In: Physics
A 20 μF capacitor initially charged to 25 μC is discharged through a 1.5 kΩ resistor. Part A How long does it take to reduce the capacitor's charge to 10 μC?
Concept and reason
The concept required to solve this problem is the charge stored by the capacitor. Initially, the initial charge stored by the capacitor by the capacitor is provided. From the capacitor's property, initially, the capacitor behaves like a short circuit \(t=0^{+}\). At the steady-state, the capacitor's charge is equal to the source voltage if this is connected in parallel with the circuit. Suppose it is not connected in parallel with the circuit. Finally, the voltage across the capacitor is calculated by using the final charge stored by the capacitor.
Fundamentals
The expression of the time constant in the series \(\mathrm{RC}\) circuit is expressed as follows, \(\tau=R C\)

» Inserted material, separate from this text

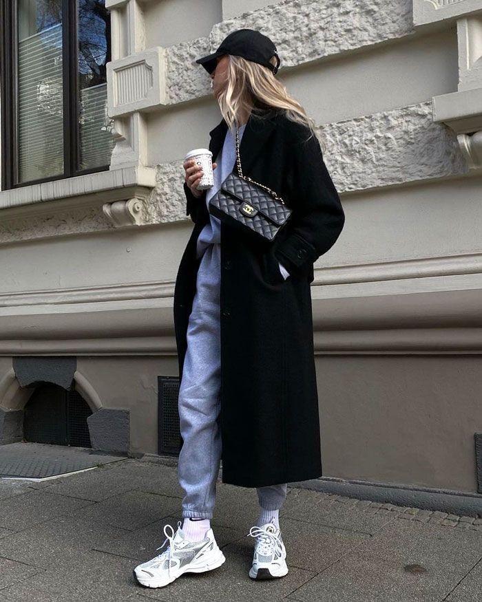 The main feature of this outfit is the combination of a coat and a bag. The bag has sharp edges and corners and looks a bit aggressive, especially when paired with it. The black sweatshirt is very aura in terms of color. It is paired with gray sweatpants and sneakers, which also has its own vitality. This simple color matching is also super stunning.

Here, \(R\) is the equivalent resistance, \(C\) is the equivalent capacitance, and \(\tau\) is the time constant. The expression of the final charge stored by the capacitor is expressed as follows, \(Q=Q_{0} e^{-t / \tau}\)
Here, \(Q\) is the final charge stored by the capacitor, and \(Q_{0}\) is the initial charge stored by the capacitor.
Calculate the time constant of the circuit.
The expression of the time constant of the circuit is expressed as follows, \(\tau=R C\)
Substitute \(1.5 \mathrm{k} \Omega\) for \(R\) and \(20 \mu \mathrm{Ffor} C\) in the above expression of the time constant of the circuit.
$$ \begin{array}{c} \tau=(1.5 \mathrm{k} \Omega)(20 \mu \mathrm{F}) \\ =(1.5 \mathrm{k} \Omega)\left(\frac{1 \times 10^{3} \Omega}{1 \mathrm{k} \Omega}\right)(20 \mu \mathrm{F})\left(\frac{1 \times 10^{-6} \mathrm{~F}}{1 \mu \mathrm{F}}\right) \\ =0.03 \mathrm{sec} \end{array} $$
Form the expression of the time constant, the time constant of the \(R C\) circuit is the product of the resistance and the capacitance of the circuit.
Calculate the time to take reduced the charge across the capacitor. The expression of the final charge stored by the capacitor is expressed as follows, \(Q=Q_{0} e^{-t / \tau}\)
Rearrange the above expression in terms of timet. \(\frac{Q}{Q_{0}}=e^{-t / \tau}\)
Take natural log both side. \(t=-\tau \ln \left(\frac{Q}{Q_{0}}\right)\)
Substitute \(25 \mu\) Cfor \(Q_{0}\) and \(10 \mu\) Cfor \(Q\) and 0.03 sfor \(\tau\) in the above expression of the timet.
\(t=-(0.03 \mathrm{~s}) \ln \left(\frac{10 \mu \mathrm{C}}{25 \mu \mathrm{C}}\right)\)
\(=0.027 \mathrm{~s}\)
The time taken to reduce the charge of the capacitor to \(10 \mu \mathrm{Cis}\) equal to \(0.027 \mathrm{~s}\).
The charge stored by the capacitor depends on the initial value of the capacitor and the time constant of the circuit. To calculate the final charge stored by the capacitor, the capacitor uses the final expression of the capacitor's charge.
The time taken to reduce the charge of the capacitor to \(10 \mu\) Cis equal to 0.027 s.